Assignment:
All lines from the one bearing "圖:性感的巴西女球迷 2002年06月03日 17:16" through the end of the data below must be printed exactly as they stand, with pictures removed.

[Excerpts from a dataset]

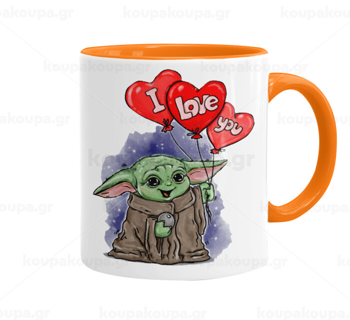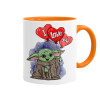 Yoda, i love you, Κούπα χρωματιστή πορτοκαλί, κεραμική, 330ml
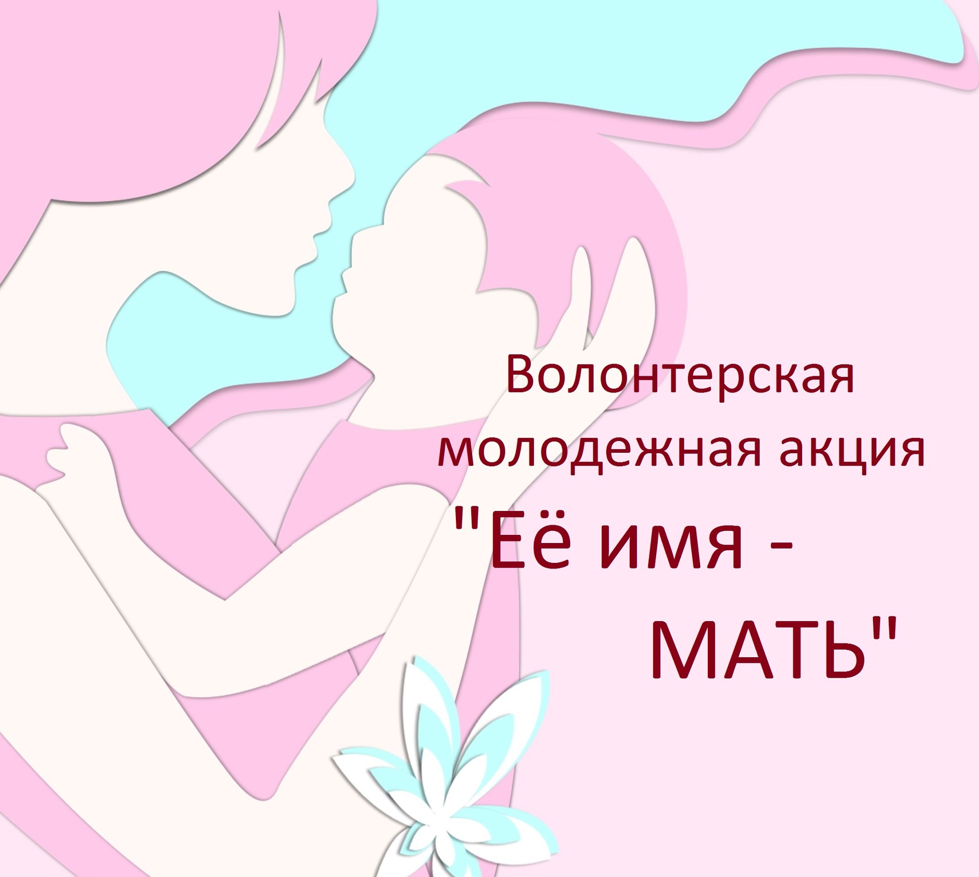 28 ноября, в рамках празднования Дня матери, пройдет волонтерская молодежная акция "Её имя - мать". Цель данной акции - воспитание семейных ценностей, поддержать традиции бережного отношения к женщине и особенно отметить значение в нашей жизни главного человека - матери.
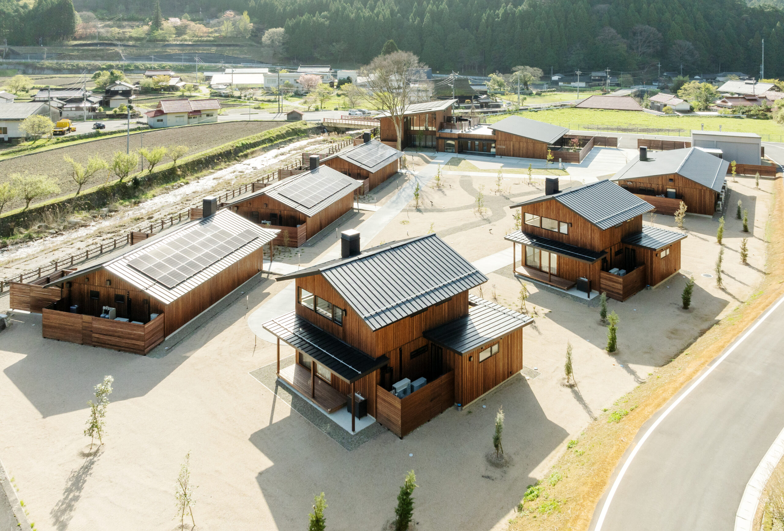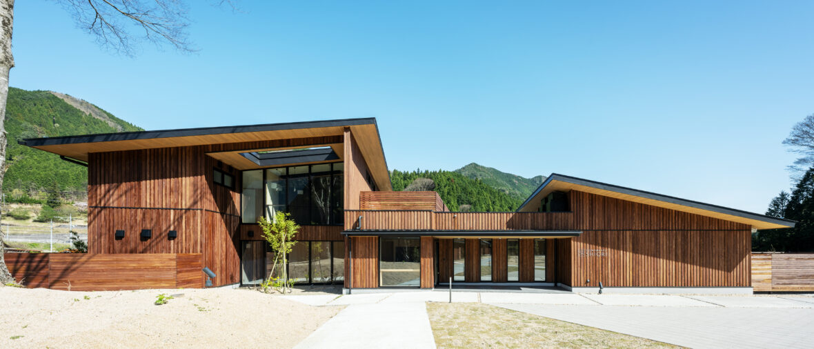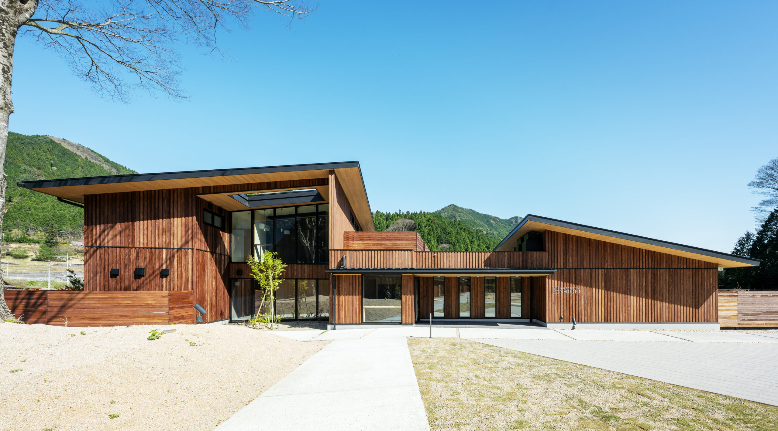 B棟外観。村で推進している「百年の森林構想」の取り組みから、全棟の外壁は地域の木材を使用した。軒を深く出して外壁が受けるダメージをコントロールするなど、劣化の対応ももちろんしているが、実は木材はとても強く、素材自体がだめになることはほぼないとのこと
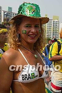 圖:性感的巴西女球迷 2002年06月03日 17:16 ![]() 世界杯足球賽C組賽事三日在韓國蔚山拉開戰幕,球迷盼望已久的巴西隊出場與土耳其隊對陣時,性感的巴西女球迷到賽場助威。毛建軍 攝
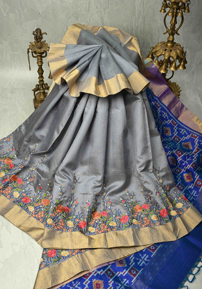 Gray Pure Raw Silk Saree with Cross Stitch Floral Embroidery and Ikkat Pallu, Blouse Piece | SILK MARK CERTIFIED

Your solution:
 圖:性感的巴西女球迷 2002年06月03日 17:16 ![]() 世界杯足球賽C組賽事三日在韓國蔚山拉開戰幕,球迷盼望已久的巴西隊出場與土耳其隊對陣時,性感的巴西女球迷到賽場助威。毛建軍 攝
 Gray Pure Raw Silk Saree with Cross Stitch Floral Embroidery and Ikkat Pallu, Blouse Piece | SILK MARK CERTIFIED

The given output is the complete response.